**Prompt**
Given the records underneath, please repeat exactly the lines from the line with "شال كشميري ماركة" through the line with "ワークスタディ「環境メンテナ", passing over any picture.

*** Begin section ***

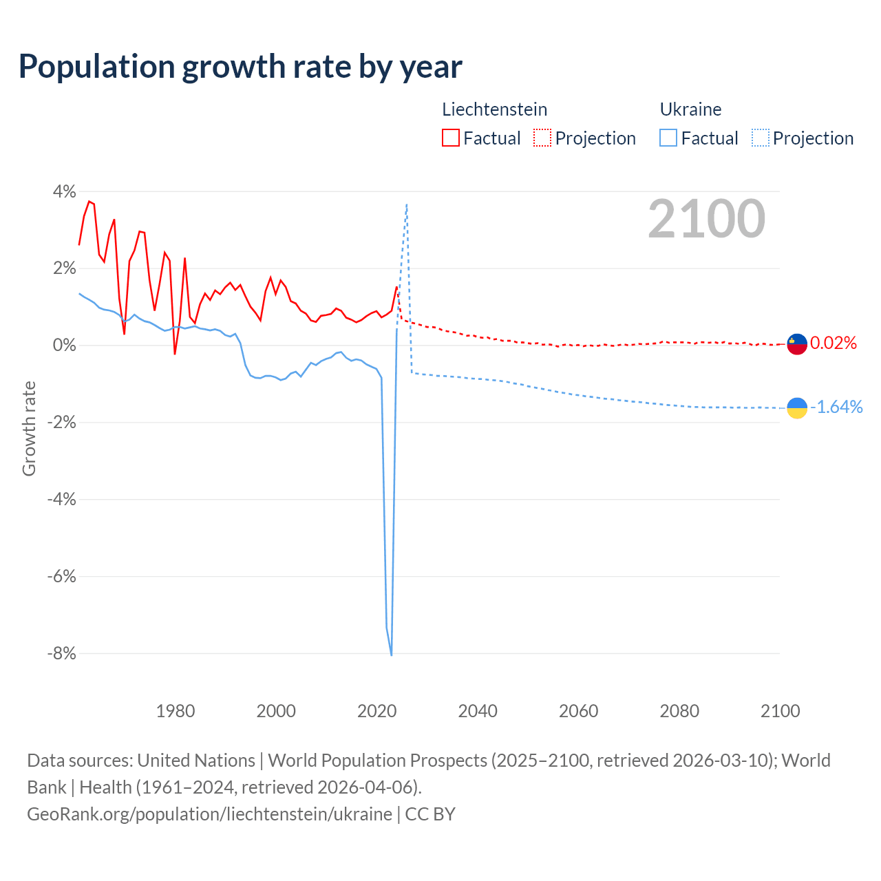 - For the last 10 years, Liechtenstein has had an average growth rate of +0.82% per year vs -1.74% in Ukraine.
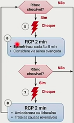 Adrenalina imediatamente e depois de RCP por 2 min, a cada 3-5 min
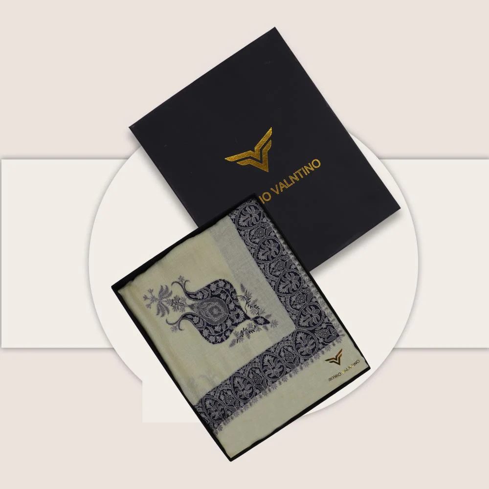 شال كشميري ماركة روميو فلنتينو بيج فاتح مطرز فضي و كحلي، المصنوع بدقة من صوف كشمير الطبيعي الفاخر، بلون بيج هادئ ينسجم مع تطريز يدوي ملكي باللون الفضي و الكحلي الغني. تصميم شرقي فاخر يجمع بين التراث والحداثة، ويُضفي على حضورك لمسة راقية لا تُنسى في كل مناسبة.
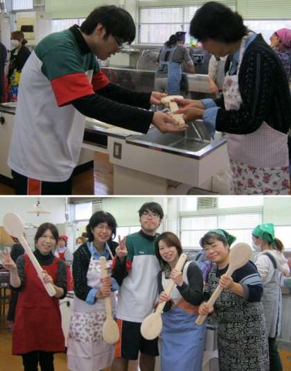 ワークスタディ「環境メンテナンス」班がPTAから注文を受けて製作していた「大型しゃもじ」が完成しました。明日の呉竹フェスタ秋の豚汁作りに使用する「大型しゃもじ」です。本日,豚汁作り準備中のPTAの方に納品させていただきました。納品担当の生徒は,自信作を納品できる喜びから自信たっぷりの大きな声で「ご注文いただいていた特大しゃもじが出来上がりました。どうぞ使って下さい。」と言って渡していました。PTAの方々も「上手にできているわね!」「使いやすそうだわ!」と口々に反応して下さいました。明日の本番で使われることが楽しみです。
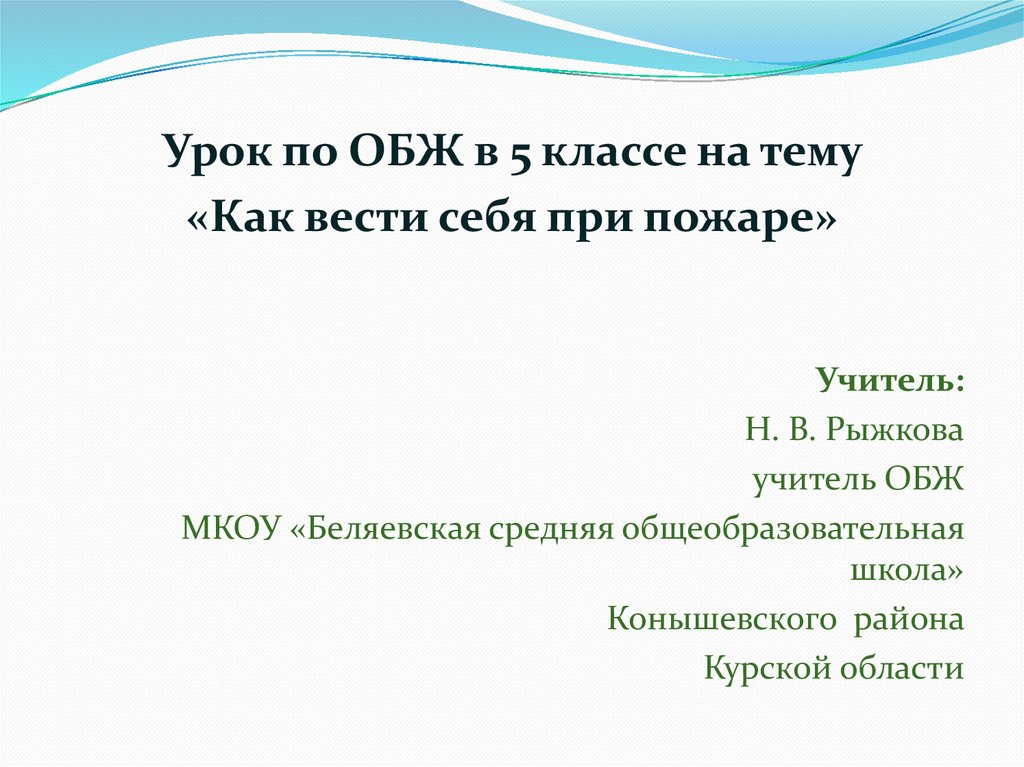 Урок по ОБЖ в 5 классе на тему«Как вести себя при пожаре»
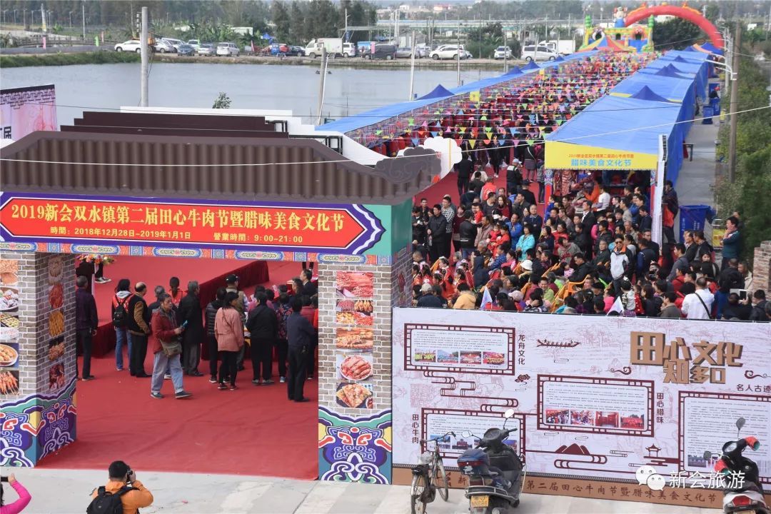 新会双水镇举办第二届田心牛肉节暨腊味美食文化节,不仅有牛肉、腊味让游客品尝,还有当地“村落+土特产+精彩表演”让游客尽情体验。“笑虾虾”2018大鳌镇水乡风情旅游美食节和江门市民运动大会大鳌环岛马拉松赛,在风景秀丽的大鳌镇东风村同步举行,美丽的水乡风情、丰富多彩的文体活动,吸引了数万名市民游客上岛乡村游。元旦当天,新会石板沙还举办特色乡村音乐会,精彩的演出吸引众多游客前看观看。

*** End section ***

**Output of the exercise**
 شال كشميري ماركة روميو فلنتينو بيج فاتح مطرز فضي و كحلي، المصنوع بدقة من صوف كشمير الطبيعي الفاخر، بلون بيج هادئ ينسجم مع تطريز يدوي ملكي باللون الفضي و الكحلي الغني. تصميم شرقي فاخر يجمع بين التراث والحداثة، ويُضفي على حضورك لمسة راقية لا تُنسى في كل مناسبة.
 ワークスタディ「環境メンテナンス」班がPTAから注文を受けて製作していた「大型しゃもじ」が完成しました。明日の呉竹フェスタ秋の豚汁作りに使用する「大型しゃもじ」です。本日,豚汁作り準備中のPTAの方に納品させていただきました。納品担当の生徒は,自信作を納品できる喜びから自信たっぷりの大きな声で「ご注文いただいていた特大しゃもじが出来上がりました。どうぞ使って下さい。」と言って渡していました。PTAの方々も「上手にできているわね!」「使いやすそうだわ!」と口々に反応して下さいました。明日の本番で使われることが楽しみです。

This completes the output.